* [TASK DETAILS] From the line containing "- 【グレードアップ|料理長" to the end of the data, retype every line exactly and nothing else. Drop the pictures.

* [DATA PROVIDED]
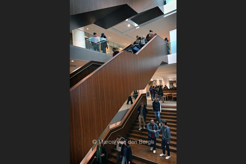 3-2-2026, Nederland, Den Haag De nieuwe universiteitscampus Spui in het oude V&D pand. Het trappenhuis. (niet voor Trouw, Parool, AD en NRC)
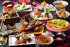 - 【グレードアップ|料理長厳選会席】伊勢海老姿造りと幻の魚クエを楽しむ!〈会場食|2食付〉
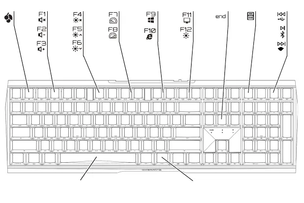 立连接。蓝牙 LED ( ) 灯亮起蓝色,确认键盘已
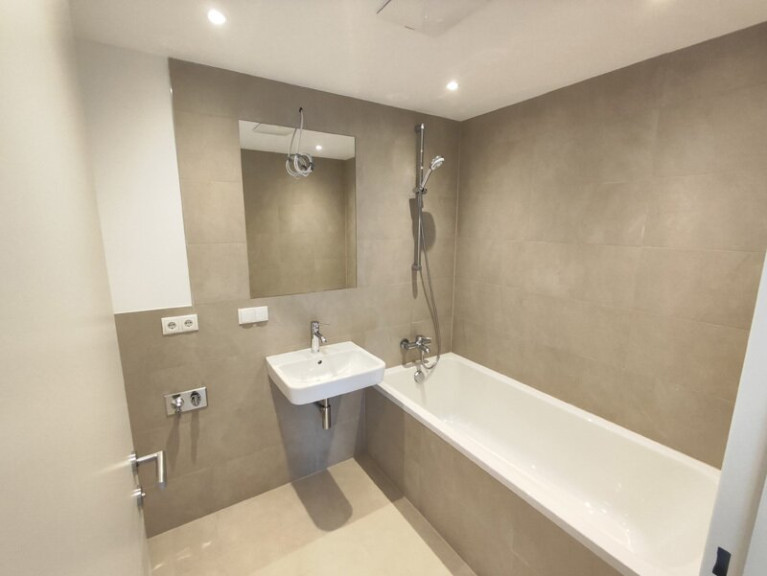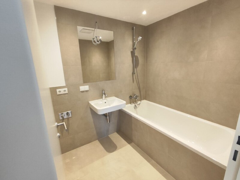 Die Wohnung ist mit hochwertigen Materialien ausgestattet, die Komfort vermitteln. Der schöne Parkettboden und die stilvollen Fliesen verleihen den Räumen eine warme Atmosphäre, während die Fußbodenheizung für wohlige Wärme sorgt. Die großzügige Wohnküche mit offener Gestaltung lädt dazu ein, kulinarische Köstlichkeiten zu kreieren und gesellige Abende zu verbringen. Das Schlafzimmer mit angrenzendem Bad ist über das Wohnzimmer zu gegehen. Das Badezimmer, das mit einer Badewanne ausgestattet ist, bietet einen perfekten Rückzugsort für entspannende Stunden. Das separate WC ist mit einem Handwaschbecken ausgestattet.

* [EXERCISE OUTPUT]
 - 【グレードアップ|料理長厳選会席】伊勢海老姿造りと幻の魚クエを楽しむ!〈会場食|2食付〉
 立连接。蓝牙 LED ( ) 灯亮起蓝色,确认键盘已
 Die Wohnung ist mit hochwertigen Materialien ausgestattet, die Komfort vermitteln. Der schöne Parkettboden und die stilvollen Fliesen verleihen den Räumen eine warme Atmosphäre, während die Fußbodenheizung für wohlige Wärme sorgt. Die großzügige Wohnküche mit offener Gestaltung lädt dazu ein, kulinarische Köstlichkeiten zu kreieren und gesellige Abende zu verbringen. Das Schlafzimmer mit angrenzendem Bad ist über das Wohnzimmer zu gegehen. Das Badezimmer, das mit einer Badewanne ausgestattet ist, bietet einen perfekten Rückzugsort für entspannende Stunden. Das separate WC ist mit einem Handwaschbecken ausgestattet.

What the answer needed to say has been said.